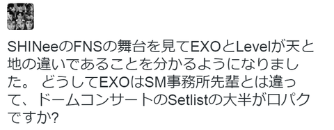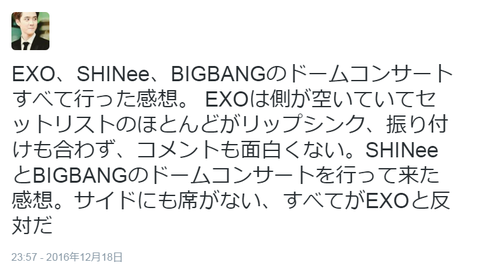 EXO의 연말의 무대를 보고 3년간 EXO가 좋아했던 것이 허무하게 느껴졌다. 3년 전과 달리 단지, 상술 CD로 상만 받는 무양심 가수가 됐다. 이미 10년 된 BIGBANG, SHINee의 무대에 비해서 임하는 자세와 열정이 너무 떨어졌다. EXO는 한국의 병역 의무가 끝나면 정말 붕괴가 될 것 같다.
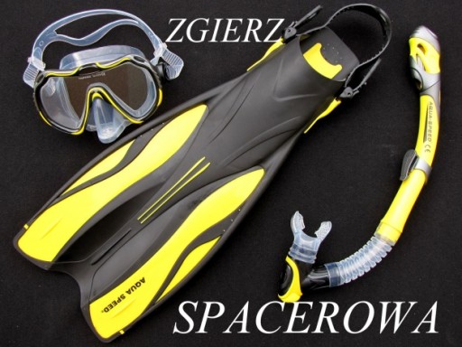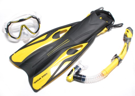 ZESTAW ABC AQUA-SPEED : maska JAVA z zaworkiem nosowym+ "sucha" fajka ELBA+płetwy regulowane SWIFT rozm 38/42 dł płetwy 54 cm
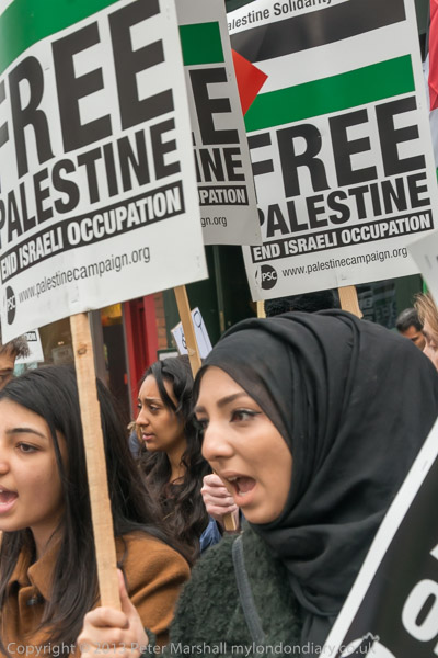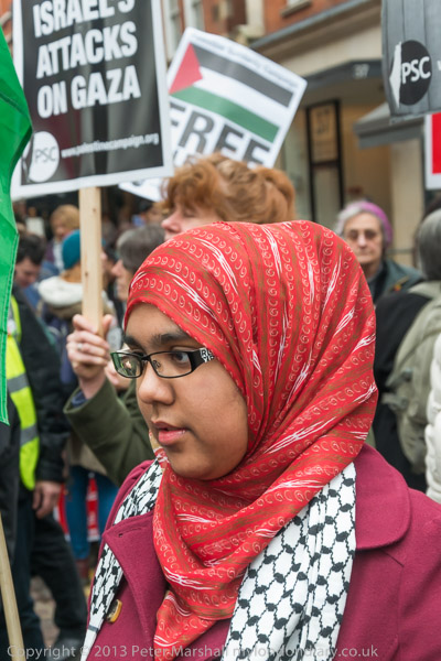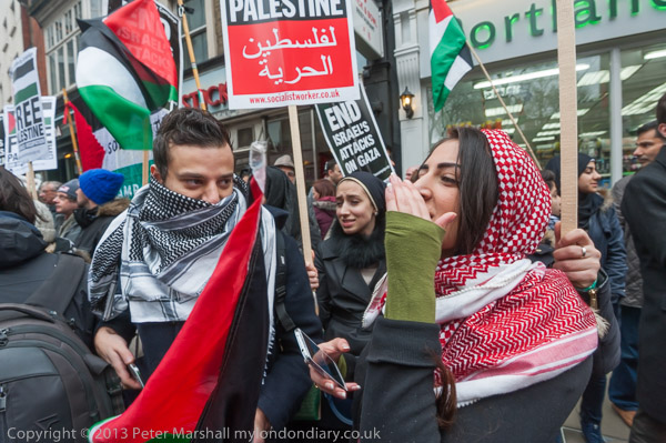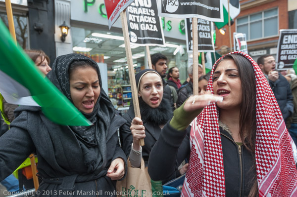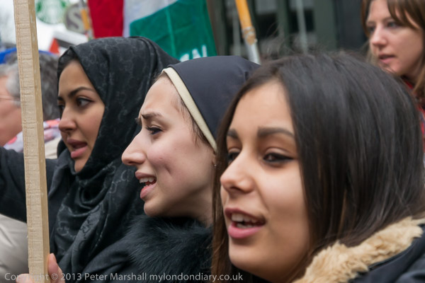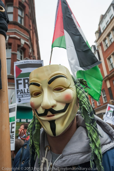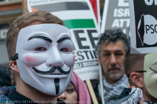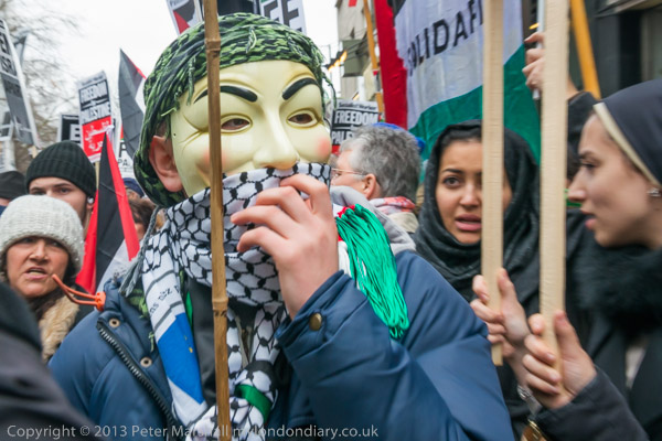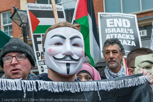 A few protested in Anonymous masks. Many wore Palestinian scarves, and there were many women in Muslim headscarves
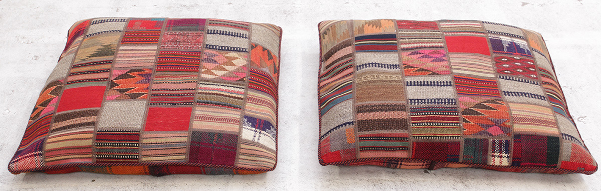 398679. PILLOW CASES, 2 pcs, Kilim patchwork, 90 x90 cm.
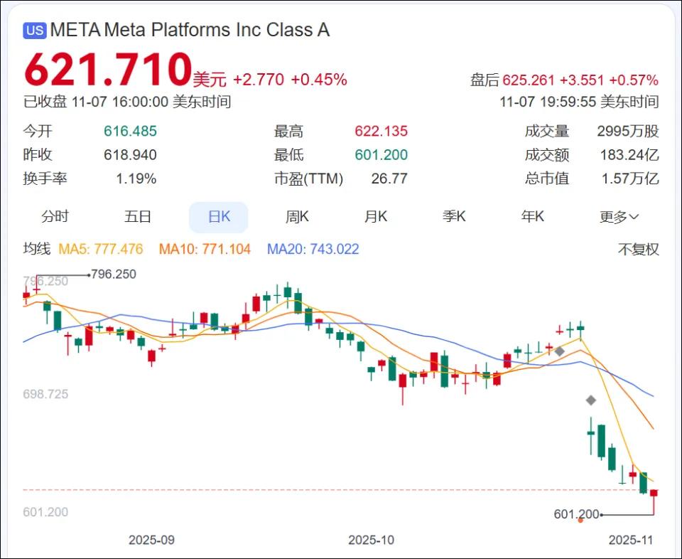 但即使如此,Meta在财报发布当日,股价依旧大跌11.33%,创下三年来最大单日跌幅,市值蒸发2147亿美元。这也是Meta史上第二大单日市值损失,仅次于2022年2月3日。因此,综合来看,这次股价下跌并不意味着Meta的市场信心被完全击穿,相反这更像是一种短期的应激反应。
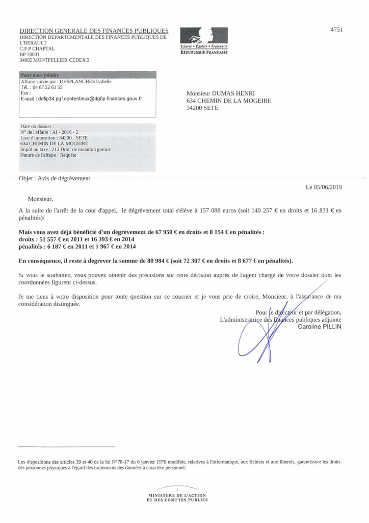Donc vingt ans de procédures, de pression fiscale sur moi et mes enfants à l’époque encore étudiants, vingt ans d’ATD, d’huissiers, de discrédit, de haine, de violence, de harcèlement, de magistrats complices, pour arriver au courrier ci-dessus.
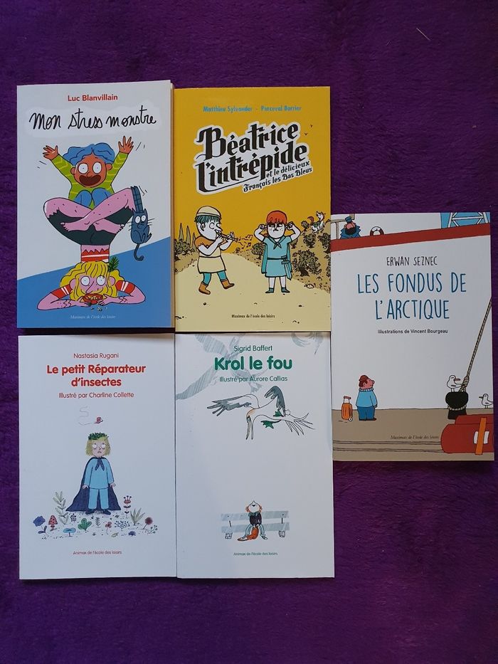 5 romans pour 6/8 ans ecole des loisirs lus une seule fois,comme neuf.
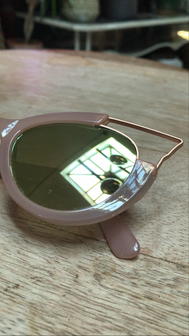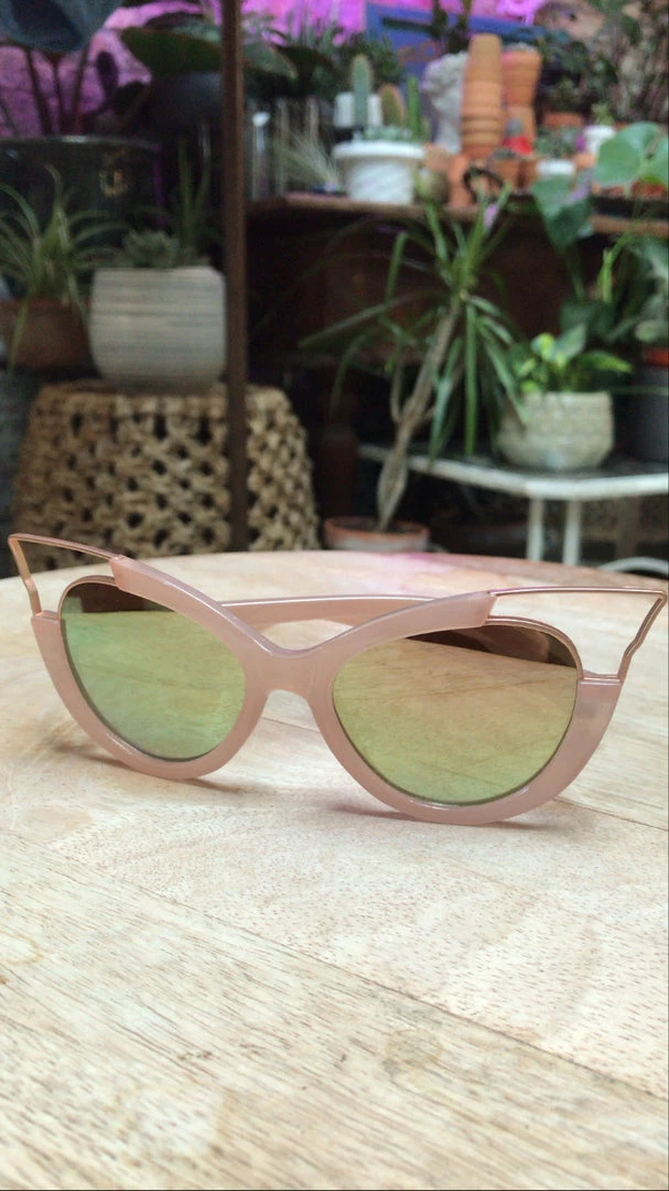Pink Iridescent Frame with Mirrored Lens and Hollowed out Metal Edge
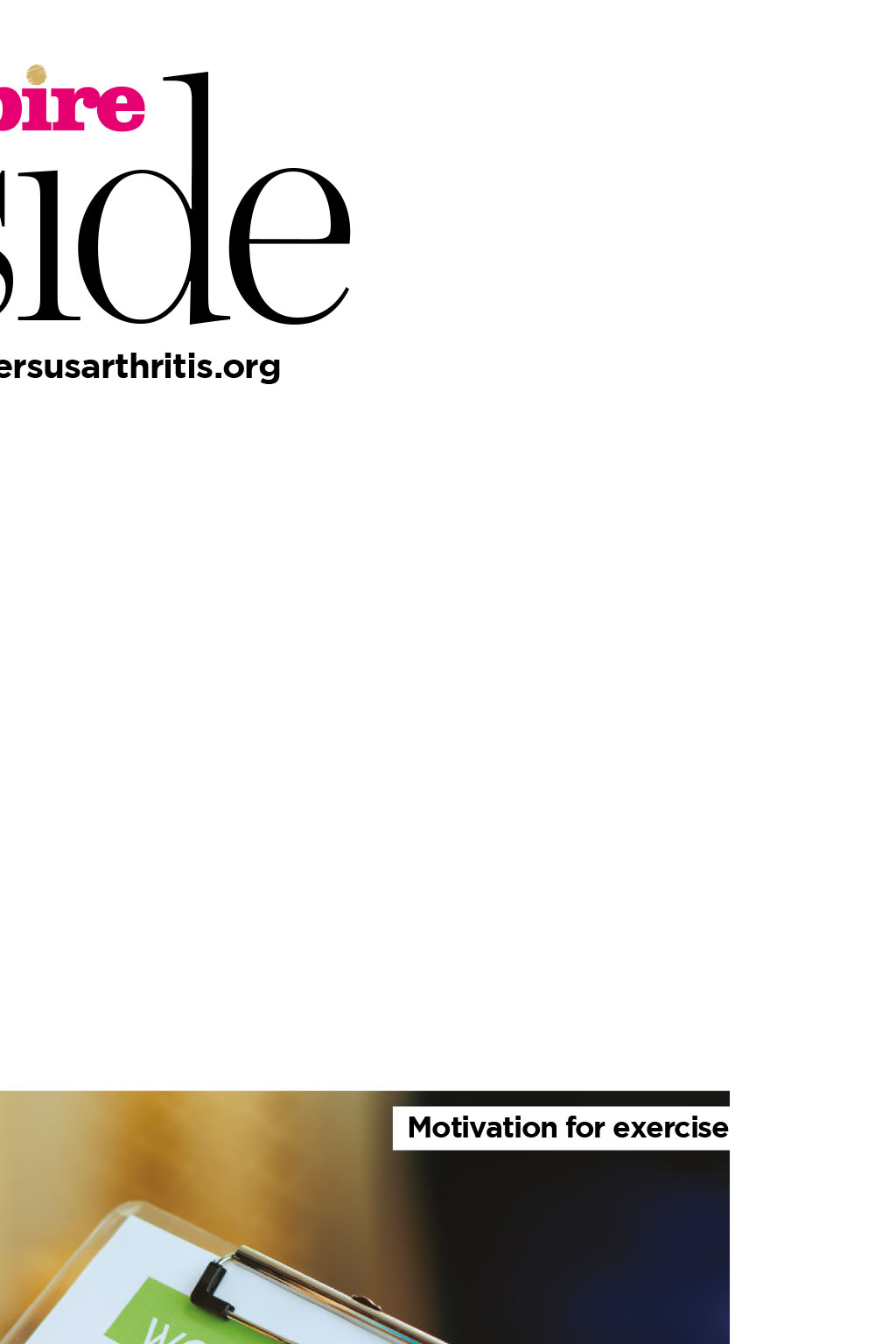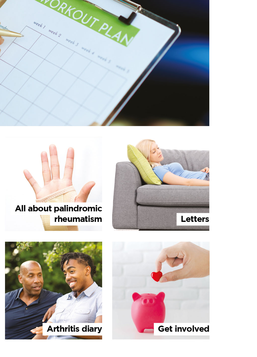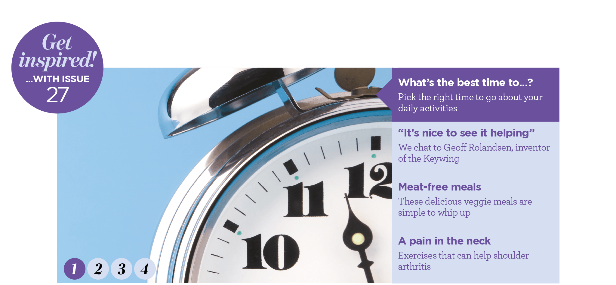 Inside Get inspired! Autumn 2019 versusarthritis.org ...WITH ISSUE Whats the best time to...? 27 ick the right time to go about your P daily activities Its nice to see it helping e chat to Geoff Rolandsen, inventor W of the Keywing Meat-free meals hese delicious veggie meals are T simple to whip up A pain in the neck 1 2 xercises that can help shoulder E arthritis 3 4 Motivation for exercise Gadgets Day in the life All about palindromic rheumatism Ask the doctor Health News Arthritis diary Letters Get involved

* * * *

WORK TO BE COMPLETED:
Output only the lines above from the line that holds "398679. PILLOW CASES, 2" through the line that holds "但即使如此,Meta在财报发", both ends included, and exclude pictures.

ANSWER AREA:
 398679. PILLOW CASES, 2 pcs, Kilim patchwork, 90 x90 cm.
 但即使如此,Meta在财报发布当日,股价依旧大跌11.33%,创下三年来最大单日跌幅,市值蒸发2147亿美元。这也是Meta史上第二大单日市值损失,仅次于2022年2月3日。因此,综合来看,这次股价下跌并不意味着Meta的市场信心被完全击穿,相反这更像是一种短期的应激反应。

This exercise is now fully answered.